Therefore it would have been obvious to one of ordinary skill in the art to combine Kennedy-Hord with Frueh in order to incorporate wherein the processing comprises a Head Mounted Display (HMD) removal, via the network interface, a position and orientation of the HMD in the at least the part of the video data, process the video data to obtain processed video data comprising the HMD removal from the video data using the analysis result or the processing instruction provided by the processing assist data, and apply this ideas to processing performed by the receiver device and analysis by the server of the decoded video stream. Both Kennedy and Frueh are in the field of video augmentation using tracked data in para.0046-49 show content placement based on tracked objects, and Frueh tracks head mounted displays for inclusion of a face.
One of ordinary skill in the art would have been motivated to combine because of the expected benefit of improved viewer experience of content by providing a more personal video (Frueh: Abstract).
However Kennedy-Hord-Frueh does not explicitly disclose receive the video stream from an intermediary system, in that the same device that provides the analysis is not the same device that provides the video stream.
Holmes discloses receive the video stream from an intermediary system (Holmes: col.8 lines 40-63 “FIG. 3 is a flowchart illustrating a computer-implemented method of superimposing video 210 carried out by a pro cessor 31. As shown in FIG. 3, the method of superimposing video 210 carried out by a processor 31 begins with the processor 31, at a first step 240 receiving a first live video 212 from a first user's device 20. Reception 240 by a processor 31 is illustrated in FIG. 4, wherein the user device 20 of a first user transmits a first live video 212 (in this case a video 210 captured by the user's rear camera 119) to a processor 31 containing central server 30. The second step 242 of superimposing video 210 carried out by a processor 31 is receiving a second live video 214 from a second user's device 20. Again referring to FIG. 4, reception of the second live video 214 from a second user's device 20 by a processor 31 is illustrated (with the second live video 214 being captured by the second user's rear camera 119). The third step 244 of this method calls for the processor 31 to identify a first human element 216 in the first video 212 and a second human element 218 in a second video 214. Such human elements 216, 218 are illustrated in FIG. 4 with the first human element 216 being a hand (captured by the first user's rear camera 119) and the second human element 218 being a face (captured by the second users front camera 118).” col.9 55-60 “The final step 248 of the computer-implemented method of superimposing video 210 carried out by a processor 31 is transmitting the superimposed video 310 to a user device 20.” Fig.3 and Fig. 8A- 8B.  It can be seen that video data from each device is obtained, augmented and transmitted to the users, for example in the first step performed  by server 30 in Fig. 8B, extraneous elements are removed from the video, processed, and the video stream is provided to the receivers.).

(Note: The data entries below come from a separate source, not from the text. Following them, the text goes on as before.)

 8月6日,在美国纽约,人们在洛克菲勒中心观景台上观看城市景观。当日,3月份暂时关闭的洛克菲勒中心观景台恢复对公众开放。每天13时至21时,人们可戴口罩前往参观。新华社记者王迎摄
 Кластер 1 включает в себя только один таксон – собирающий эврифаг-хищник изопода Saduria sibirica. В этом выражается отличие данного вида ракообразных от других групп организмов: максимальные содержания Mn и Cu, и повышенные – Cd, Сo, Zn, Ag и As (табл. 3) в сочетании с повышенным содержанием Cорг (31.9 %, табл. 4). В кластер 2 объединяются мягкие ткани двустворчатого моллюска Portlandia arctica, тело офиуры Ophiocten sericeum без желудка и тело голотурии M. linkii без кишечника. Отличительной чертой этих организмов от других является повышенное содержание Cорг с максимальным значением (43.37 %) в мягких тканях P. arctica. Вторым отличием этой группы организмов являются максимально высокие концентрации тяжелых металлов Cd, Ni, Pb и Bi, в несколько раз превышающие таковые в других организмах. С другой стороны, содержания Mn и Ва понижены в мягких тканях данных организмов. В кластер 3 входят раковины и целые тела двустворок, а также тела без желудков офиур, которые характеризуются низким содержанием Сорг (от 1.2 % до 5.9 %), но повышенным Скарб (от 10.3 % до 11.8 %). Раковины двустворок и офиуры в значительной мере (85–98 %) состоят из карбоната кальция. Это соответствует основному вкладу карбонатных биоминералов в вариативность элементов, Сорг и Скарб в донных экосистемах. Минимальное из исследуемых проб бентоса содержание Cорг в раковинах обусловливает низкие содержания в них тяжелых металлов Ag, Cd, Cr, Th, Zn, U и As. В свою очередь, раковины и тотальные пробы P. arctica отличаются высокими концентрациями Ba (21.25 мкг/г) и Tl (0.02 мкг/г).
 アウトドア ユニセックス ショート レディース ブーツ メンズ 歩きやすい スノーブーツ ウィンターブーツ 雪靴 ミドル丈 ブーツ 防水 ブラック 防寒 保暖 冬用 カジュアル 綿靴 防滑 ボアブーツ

Therefore it would have been obvious to one of ordinary skill in the art before the effective filing date to combine Kennedy-Hord-Frueh with Holmes in order to incorporate receive the video stream from an intermediary system, and replace the separate video Sharing server 210 and Video processing server 110 of Kennedy, with a singular server that provides both analysis metadata and the video content of Holmes. Kennedy-Maridoss as combined with Frueh discloses the removal of Head mounted displays in virtual content viewed by others in abstract of Frueh, and Holmes is in analogous field as it deals with augmenting virtual conference video data and providing the videos to each user.
One of ordinary skill in the art would have been motivated to combine because of the expected benefit of both providing augmented content to users, which improves user experience, as well as the expected benefit of fewer servers/entities would provide a simpler system for sharing video content (Holmes: col.8 lines 40-63, col.1 background of the invention.).

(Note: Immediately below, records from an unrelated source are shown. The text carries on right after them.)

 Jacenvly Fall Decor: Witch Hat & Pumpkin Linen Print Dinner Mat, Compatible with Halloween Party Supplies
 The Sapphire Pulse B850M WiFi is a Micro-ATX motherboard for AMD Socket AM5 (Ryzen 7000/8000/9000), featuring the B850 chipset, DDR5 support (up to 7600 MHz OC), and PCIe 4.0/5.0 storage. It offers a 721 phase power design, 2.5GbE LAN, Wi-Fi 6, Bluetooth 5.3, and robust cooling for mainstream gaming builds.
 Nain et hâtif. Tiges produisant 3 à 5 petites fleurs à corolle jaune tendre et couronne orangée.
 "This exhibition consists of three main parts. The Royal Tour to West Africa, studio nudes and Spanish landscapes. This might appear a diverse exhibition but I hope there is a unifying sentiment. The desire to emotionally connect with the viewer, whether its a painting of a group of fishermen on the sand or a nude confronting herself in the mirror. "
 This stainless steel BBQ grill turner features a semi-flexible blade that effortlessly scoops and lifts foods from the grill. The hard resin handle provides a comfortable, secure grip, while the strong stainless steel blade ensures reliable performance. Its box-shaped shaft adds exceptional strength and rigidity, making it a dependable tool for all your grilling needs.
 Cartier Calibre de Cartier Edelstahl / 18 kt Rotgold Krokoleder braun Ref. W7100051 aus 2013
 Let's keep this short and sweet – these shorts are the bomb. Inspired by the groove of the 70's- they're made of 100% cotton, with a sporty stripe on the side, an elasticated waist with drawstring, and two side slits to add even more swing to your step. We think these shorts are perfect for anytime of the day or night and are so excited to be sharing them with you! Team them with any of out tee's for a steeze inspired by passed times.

Regarding Claim 9, Kennedy-Hord-Frueh-Holmes discloses claim 8 as set forth above.
Kennedy further discloses wherein the processing assist data comprises a segmentation of an object in the part of the video data (Examiner notes that in the bottom of specification pg. 4, segmentation of an object merely means data that differentiates the object from the rest of the frame, an example being a mask that shows where the object is in the frame.  Kennedy: para.0023 “When the video analysis module 114 tracks the target, video analysis module 114 may record the position and appearance of the target in multiple frames (perhaps each and every frame) as tracking metadata 106. As an example, to record the position of the target, tracking metadata 106 may include positional data for the center of the target in each frame. To record the appearance of the target, tracking metadata 106 may include information describing the geometry (e.g., size and orientation) and occlusion of the target.” details regarding the position, size and orientation of the object is included in the geometry, as well as occlusion of the object, such as then the object is blocked by something else.  para.0038 “For example, if the target is partially occluded by an individual's head, then the metadata may define the outline of the head. ” para.0040 “In another embodiment, the metadata could include a mask that defines whether the target is in the foreground or background on a pixel-by-pixel basis, similar to an alpha channel” All of this information included in the metadata provides segmentation type information that would differentiate the object from other parts of the frame.), and 
wherein the processor is configured to use the segmentation of the object for processing video data of the object or video data outside of the object (Kennedy: para.0027 “Image synthesis module 122 may be configured to adjust visual element 124 according to geometry information in metadata for the frame being processed. Further, image synthesis module 122 may be configured to block out a portion of visual element 124 according to occlusion information in the metadata for the frame being processed. In each frame of the video where the target is present, image synthesis module 122 inserts the modified visual element 124.” para.0048 “ In examples, if the metadata defines a camera model, image synthesis module 122 may distort the advertisement according to how the camera moves.” this information is used to modify the video frame being processed using the tracking information in the metadata.).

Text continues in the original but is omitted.